There has been much analysis of the logistical, technical and security difficulties of implementing the agreement to rid Syria of chemical weapons. However, the sincerity (or otherwise) of the principal parties involved - the regime in Damascus and its staunch ally Russia - has been largely overlooked. Statements from both since the deal was accepted raise doubts.
In trying to avert a military strike against the regime following the use of chemical weapons last month, Moscow had been urging the United States, Britain and France to have faith in the United Nations and its inspectors in Syria.
Though the mandate was only to establish whether chemical weapons had been used, not who used them, the resulting U.N. report contains information that strongly indicates that the regime was responsible, as documented by Human Rights Watch, and news organizations such as the BBC and the New York Times.

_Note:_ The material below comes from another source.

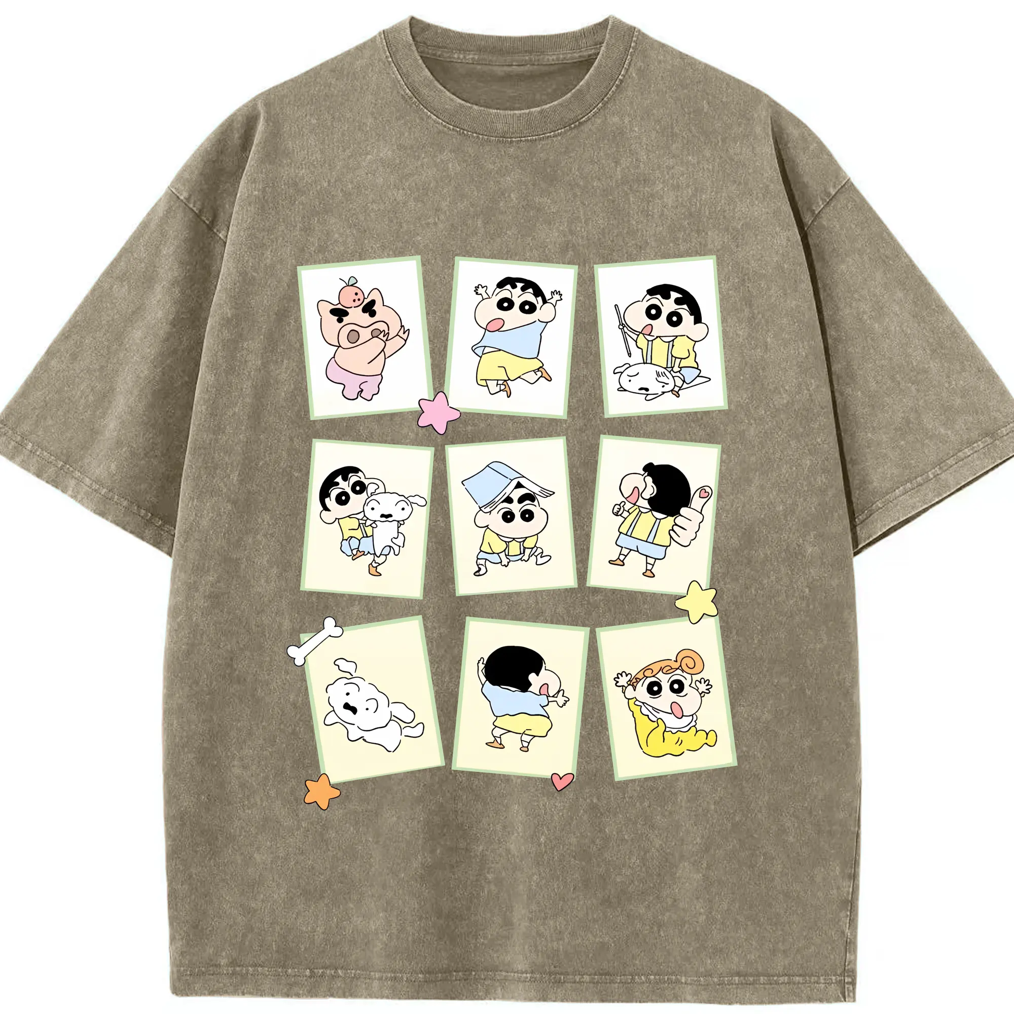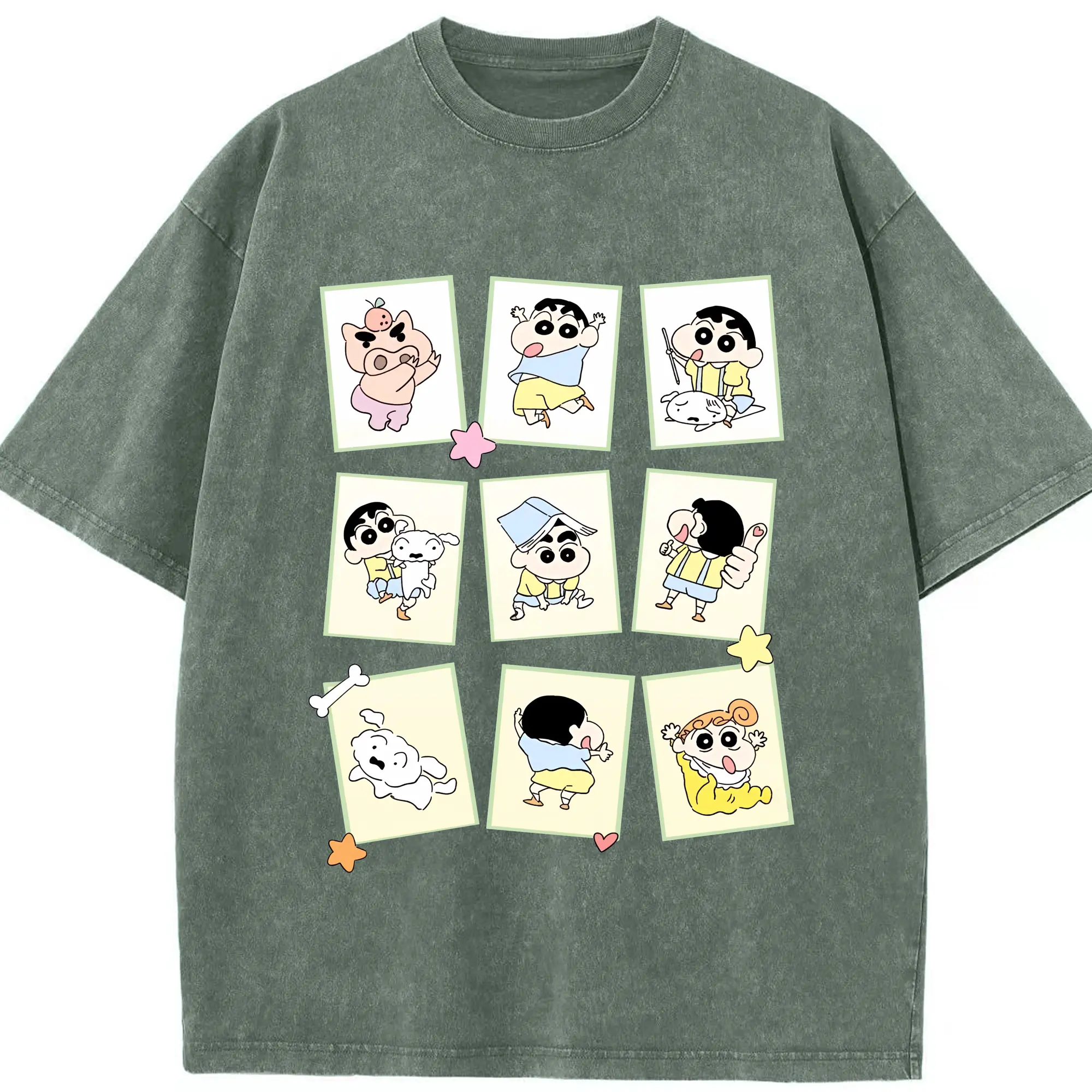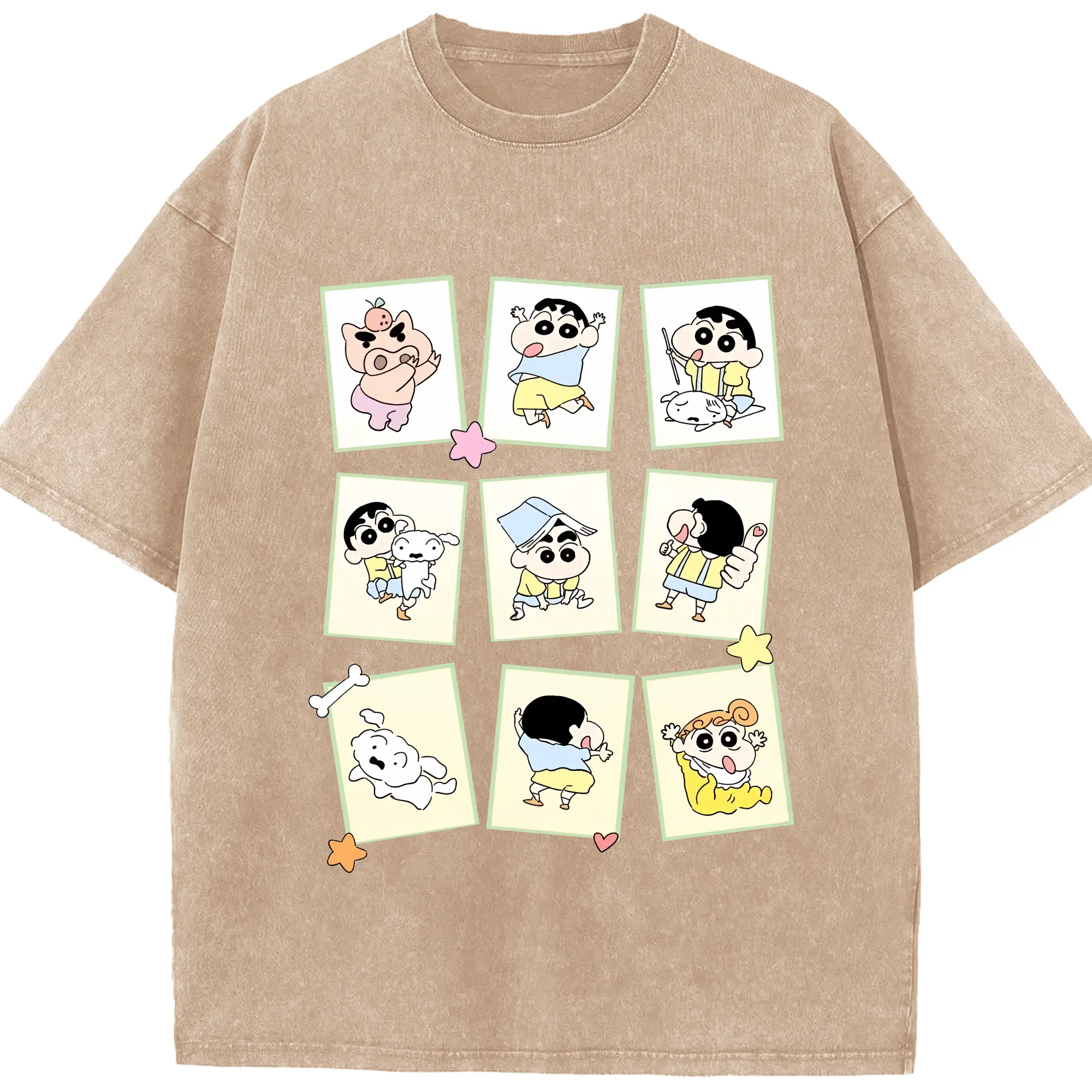 クレヨンしんちゃん グッズ 野原 しんのすけ - 綿100% ヴィンテージ風 半袖Tシャツ ・ 背面プリント ・ 柔らか肌触り ・ 通気性 快適 ・ スポーツ カジュアル 外出用

The delivery method was rockets that have only been observed in use by regime forces, and their trajectories indicate that they were fired from a military base of the powerful Republican Guard, in territory firmly under government control.
Unsurprisingly, Russia has since changed its tune, heavily criticizing the report. Deputy Foreign Minister Sergei Ryabkov accused inspectors of ignoring “very factual” evidence. As such, “we cannot describe the character of the conclusions as anything other than politicized, biased and one-sided,” he added. It should be noted that for all its talk of evidence implicating rebels, Russia has not yet made any of it public.
U.N. spokesman Martin Nesirky described the findings as “indisputable,” and the report as “thoroughly objective.” Presumably, Moscow would have only been satisfied had its ally been exonerated.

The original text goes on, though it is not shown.